Custom Search

irq latency regression post af5ab277 - was Re: [patch] clockevents: Reinstate the per cpu tick skew

[Date Prev][Date Next][Thread Prev][Thread Next][Date Index][Thread Index]



Greetings,

On Tue, 2012-01-03 at 07:20 +0100, Mike Galbraith wrote: 
> On Wed, 2011-12-28 at 16:10 +0100, Mike Galbraith wrote:
> > On Wed, 2011-12-28 at 14:32 +0100, Arjan van de Ven wrote:
> > > 
> > > I think we need to just say no to this, and kill the nohz=off option
> > > entirely.
> > > 
> > > Seriously, are people still running with ticks for any legitimate
> > > reasons? (and not just because they goofed their config file)
> > 
> > Yup.  Realtime loads sometimes need it.  Even without contention
> > problems, entering/leaving nohz is a latency source.  If every little
> > bit counts, you may have the choice of letting the electric meter spin
> > or not getting the job done at all.

There are other facets to tick skew removal that have turned up while
looking into an irq latency regression 2.6.32->3.0.  Not only does skew
removal induce jitter woes for moderate sized boxen running RT kernels,
it's a jitter source for large machines in general. 

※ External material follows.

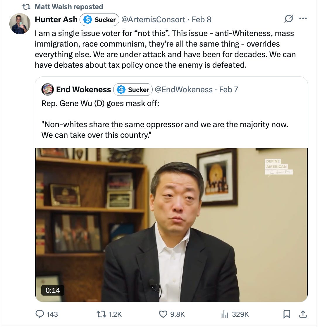 He then retweeted a post from one Hunter Ash, the social media manager for Keeper, an AI matchmaking startup recently profiled in The New York Times, who tweeted, “I am a single issue voter for ‘not this’. This issue - anti-Whiteness, mass immigration, race communism, they’re all the same thing - overrides everything else. We are under attack and have been for decades. We can have debates about tax policy once the enemy is defeated.”

More interestingly, that skew removal also appears to be indirectly
responsible for a rather large irq latency regression.  I bisected the
source of same to..

0209f649 rcu: limit rcu_node leaf-level fanout

.._but_, the source of the lock contention it addressed appears to be
the very tick skew removal that caused my xtime_lock jitter woes in RT.
Revert 0209f649 in CONFIG_MAXSMP CONFIG_PREEMPT_NONE kernel, contention
appears, restore skew, it disappears virtually entirely.  So it would
appear that we induced a ~400% latency regression to combat contention
that was itself induced by tick skew removal.

In enterprise, I can revert 0209f649 and enable tick skew across the
board instead of selectively, and kill the regression at the cost of
losing whatever power savings killing skew brought us.  May have to do
that.  In another thread, Paul suggested limiting GP initialization to
CPUs that have been online, which indeed turned the regression into a
modest progression.  That's highly attractive long term, but doing that
in a stable kernel before it's baked in mainline is not the least bit
attractive.  Hohum, rock or hard spot, pick one.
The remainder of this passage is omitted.